Tidak bisa disangkal bahwa pengadaan barang/jasa memang bermula dari hubungan Kontraktual dalam hukum perdata, yaitu kontrak antara penyedia barang/jasa dan pemerintah. Ada klausul-klausul dalam kontrak yang mengatur hak dan kewajiban, dan tentu saja, ada mekanisme penyelesaian sengketa secara perdata bila salah satu pihak wanprestasi. Namun, perdata dan pidana tidak selalu eksklusif. Suatu tindakan yang terjadi dalam ruang lingkup perdata bisa saja mengandung unsur pidana jika dilakukan dengan itikad buruk dan adanya niat jahat (mens rea).
Dalam kajian ini, kita akan mengulas secara ringkas namun jelas tentang bagaimana sebuah Pengadaan barang/ jasa pemerintah menjadi sebuah tindak pidana korupsi. Biar tidak bias,Yuk simak pembahasan yuridis normative berikut!
Mengenal Apa Itu Pengadaan Barang/Jasa
Pada Pasal 1 butir 1 Perpres No. 46 Tahun 2025 Tentang Perubahan Kedua Atas Perpres No 16 Tahun 2018 Tentang Pengadaan Barang/Jasa Pemerintah mengatur:
“Pengadaan Barang/Jasa Pemerintah yang selanjutnya disebut Pengadaan Barang/Jasa adalah kegiatan Pengadaan Barang/Jasa oleh Kementerian/Lembaga/Perangkat Daerah/Institusi Lainnya/Pemerintah Desa yang dibiayai oleh APBN/APBD/APB Desa yang prosesnya sejak identifikasi kebutuhan sampai dengan serah terima hasil pekerjaan.”

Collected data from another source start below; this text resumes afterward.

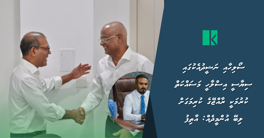 ރައީސް ސޯލިހާއި ރައީސް ނަޝީދު ބައްދަލުކުރި ފޮޓޯއެއް ޝެއާކުރައްވައި، އާތިފު ވިދާޅުވީ، އެއީ އުފާވެރި މަންޒަރެއް ކަމަށާއި ރާއްޖޭގެ ޤާނޫނު އަސާސީގެ ރޫހު ގެއްލި ޑިމޮކްރެޓިކް އަސާސްތައް ދަނީ ނެތި، އިޤްތިސާދު މެނޭޖް ނުކުރެވި ރައްޔިތުންގެ އާންމު ދިރިއުޅުން ދަނީ ދަތިވަމުން ކަމަށެވެ.
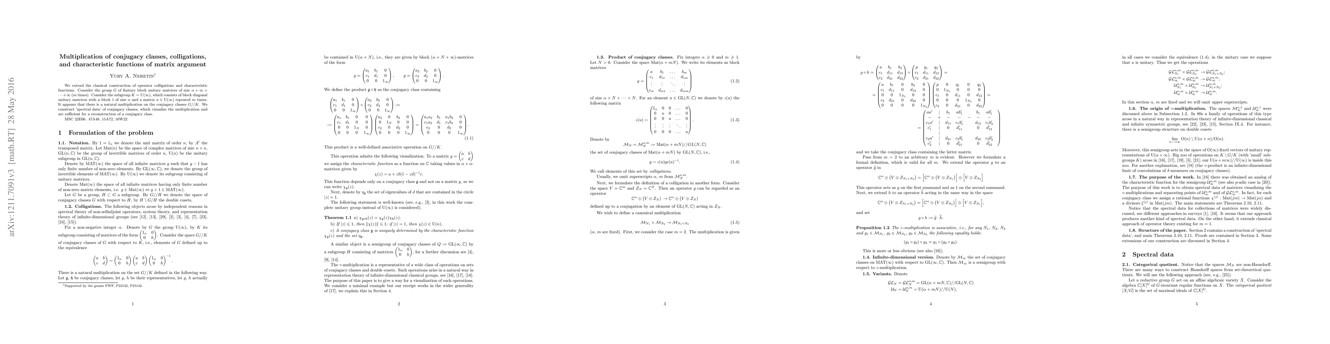 We extend the classical construction of operator colligations and characteristic functions. Consider the group $G$ of finite block unitary matrices of size $\alpha+\infty+...+\infty$ ($k$ times). Consider the subgroup $K=U(\infty)$, which consists of block diagonal unitary matrices (with a block 1 of size $\alpha$ and a matrix $u\in U(\infty)$ repeated $k$ times). It appears that there is a natural multiplication on the conjugacy classes $G//K$. We construct 'spectral data' of conjugacy classes, which visualize the multiplication and are sufficient for a reconstruction of a conjugacy class.
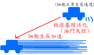 圖一、致癌基因譬喻卡通示意圖。原致癌基因維持細胞正常生長,當原致癌基因活化成為「致癌基因」,細胞生長將不受控制,最後導致癌症的發生。把細胞想像成一台車子,油門能控制車速多快,原致癌基因就像車子中的油門一樣,原致癌基因能決定細胞的生長與分化的速度,而致癌基因就像是被踩到底凹陷壞掉了的油門一樣,讓細胞的生長與分化失去控制。(黃培綺繪製)。
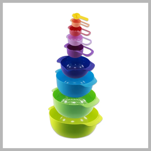 Ez a praktikus és helytakarékos 9 részes ételkészítő készlet tökéletes választás minden konyhába. A készlet kis és nagy keverőtálakat, valamint különböző méretű mérőpoharakat és kanalat tartalmaz, így megkönnyíti a sütés-főzés előkészítését. A kis keverőtál kifolyóval rendelkezik, amely precíz öntést biztosít. A műanyag szűrő segítségével egyszerűen lecsöpögtetheti a hozzávalókat.
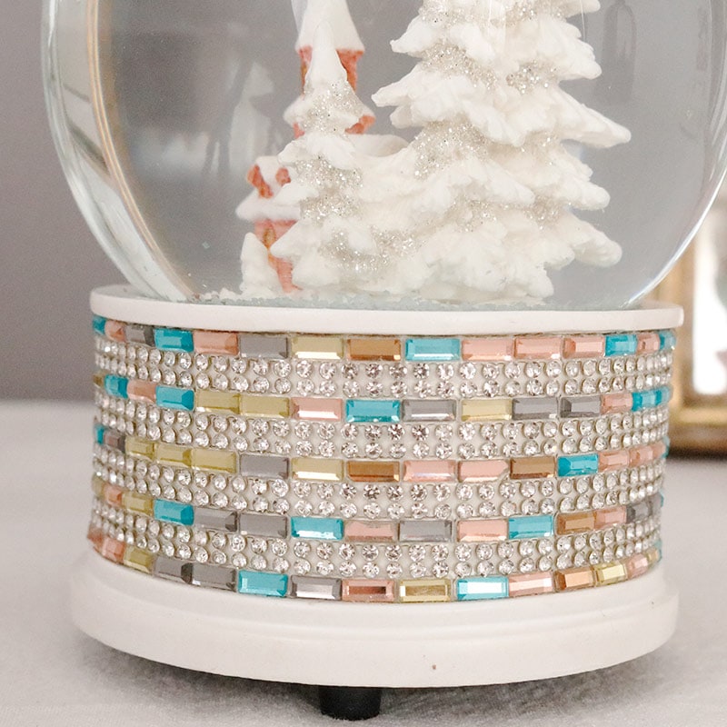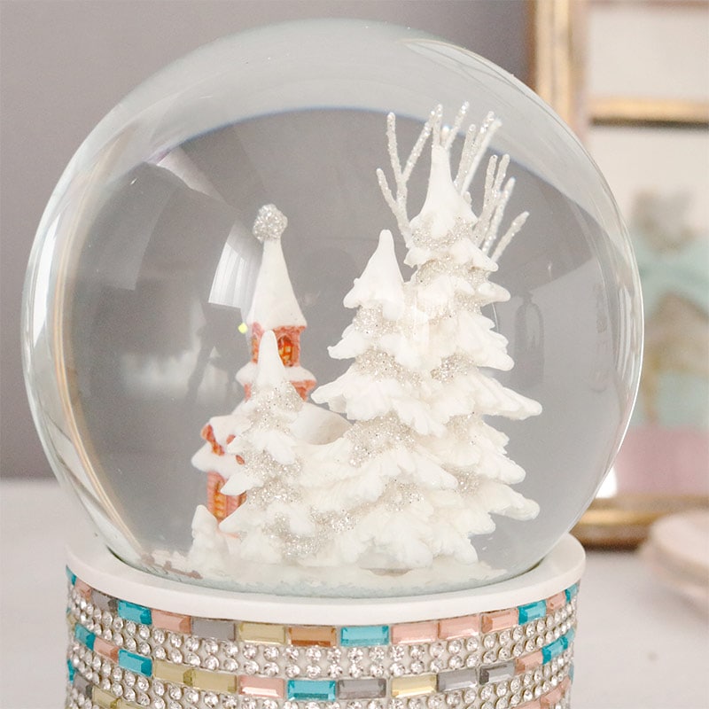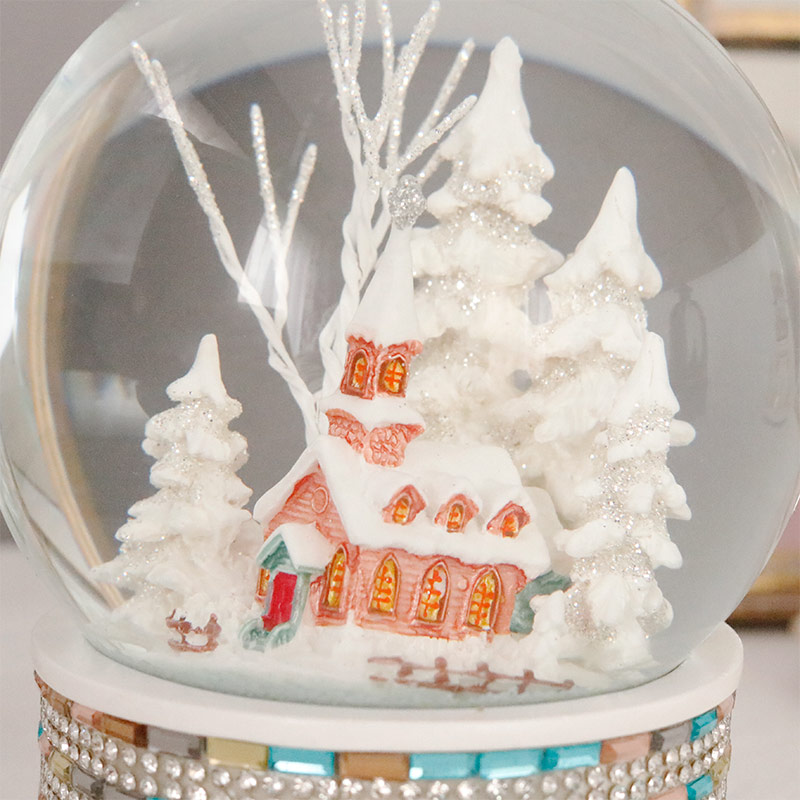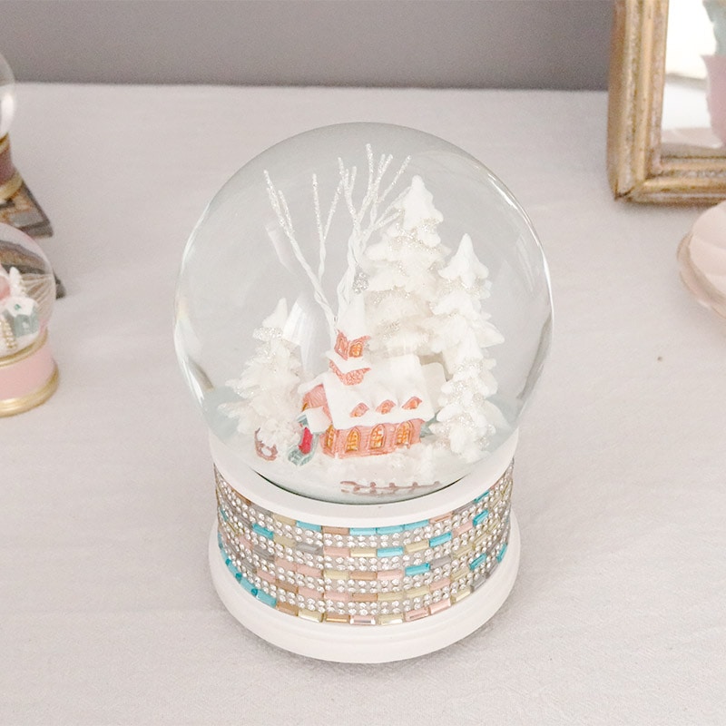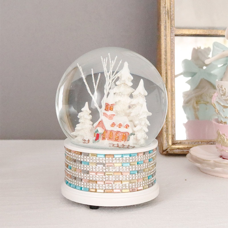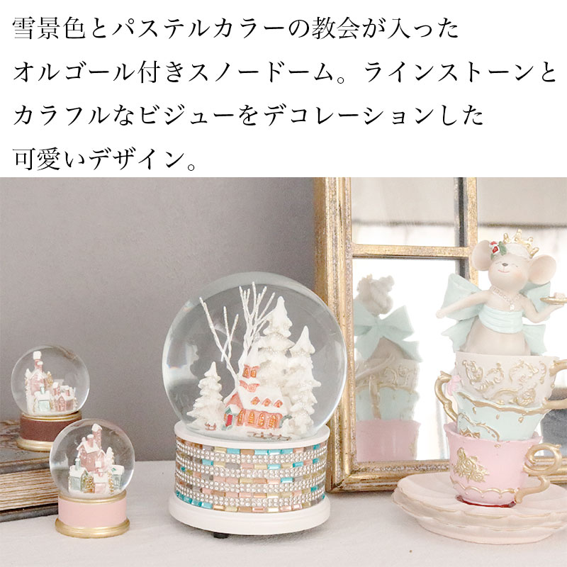 雪景色とパステルカラーの教会が入ったオルゴール付きスノードーム。ラインストーンとカラフルなビジューをデコレーションした可愛いデザイン。
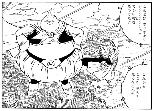 Majin Buu nutzt seine Macht, um Babidi wiederzubeleben, und die beiden ziehen weiter, um eine Stadt nach der anderen zu vernichten, in der Hoffnung, Piccolo und die anderen zu erschnüffeln. Doch von Bibidis unerbittlichen Befehlen bombardiert, beginnt Majin Buu vor frustrierter Wut zu kochen, die sich steigert, bis er sich gegen seinen Herrn wendet und ihn zerstört.
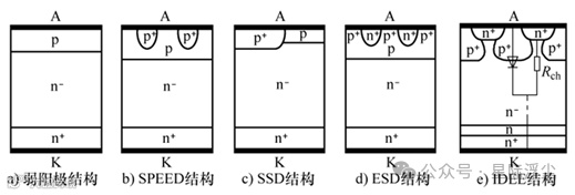 (1)弱阳极二极管结构:如图1a所示,它是通过降低普通 pin 二极管的阳极掺杂浓度形成的。p阳极区的掺杂浓度比普通pin二极管的p+阳极区掺杂浓度更低。采用此结构可降低阳极注入效率,提高反向恢复速度,并降低开关损耗。故这种结构也称为低损耗二极管(Low Loss Diode,LLD)。
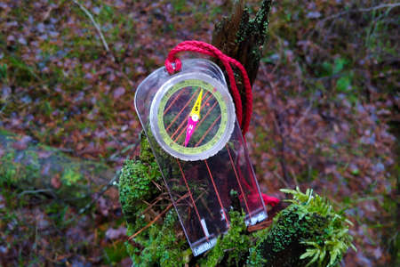 A magnetic tourist compass with a red lace and protective gloves lie in the forest on a log.
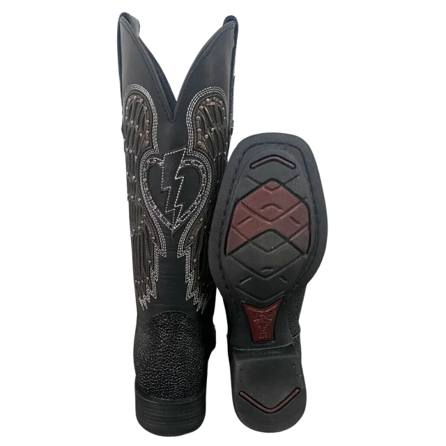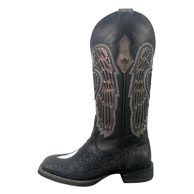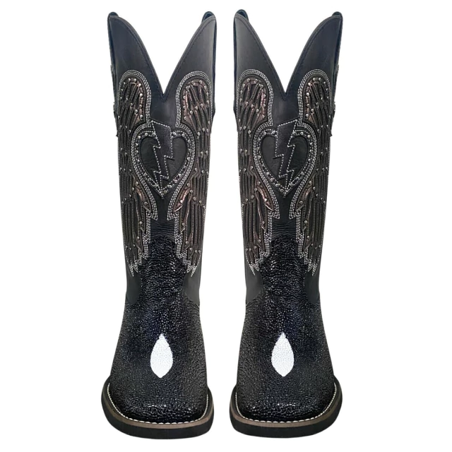 Com bico quadrado e acabamento de alta qualidade, esta bota é confeccionada em couro bovino réplica Arraia na cor preto. O cano alto de 35 cm, adornado com brilhos e detalhes, confere um toque especial ao seu visual.

Unsur Pejabat publik yang melaksanakan proses pengadaan barang/jasa yaitu : Pengguna Anggaran (PA), Kuasa Pengguna Anggaran (KPA), Pejabat Pembuat Komitmen (PKK), Unit Kerja Pengadaan Barang/Jasa (UKPBJ), Pejabat Pengadaan, Panitia Penerima Hasil Pekerjaan (PPHP) dan tentunya adanya unsur Penyedia barang dan jasa.
Hakikat Awal Pengadaan Barang / Jasa Adalah Hubungan Kontraktual
Hubungan antara pemerintah dan penyedia barang/jasa dalam pengadaan barang/jasa sejatinya merupakan sebuah hubungan kontraktual, karena didasarkan pada perjanjian hukum yang dituangkan dalam bentuk dokumen kontrak. Setelah proses pemilihan penyedia selesai, pemerintah melalui Pejabat Pembuat Komitmen (PPK) menandatangani kontrak pengadaan dengan penyedia dan Kontrak ini bersifat mengikat secara hukum (azas Pacta sunt servanda) yang memuat Syarat Umum Kontrak (SUK), Syarat Khusus Kontrak (SKK), Spesifikasi Teknis, dan Daftar Kuantitas dan Harga. Kedua belah pihak (pemerintah dan penyedia) memiliki hak dan kewajiban yang harus dipenuhi, sesuai dengan ketentuan hukum yang berlaku sehingga kedua belah pihak dapat dikenai sanksi hukum apabila tidak memenuhi isi kontrak, termasuk sanksi administratif, denda, atau bahkan pemutusan kontrak.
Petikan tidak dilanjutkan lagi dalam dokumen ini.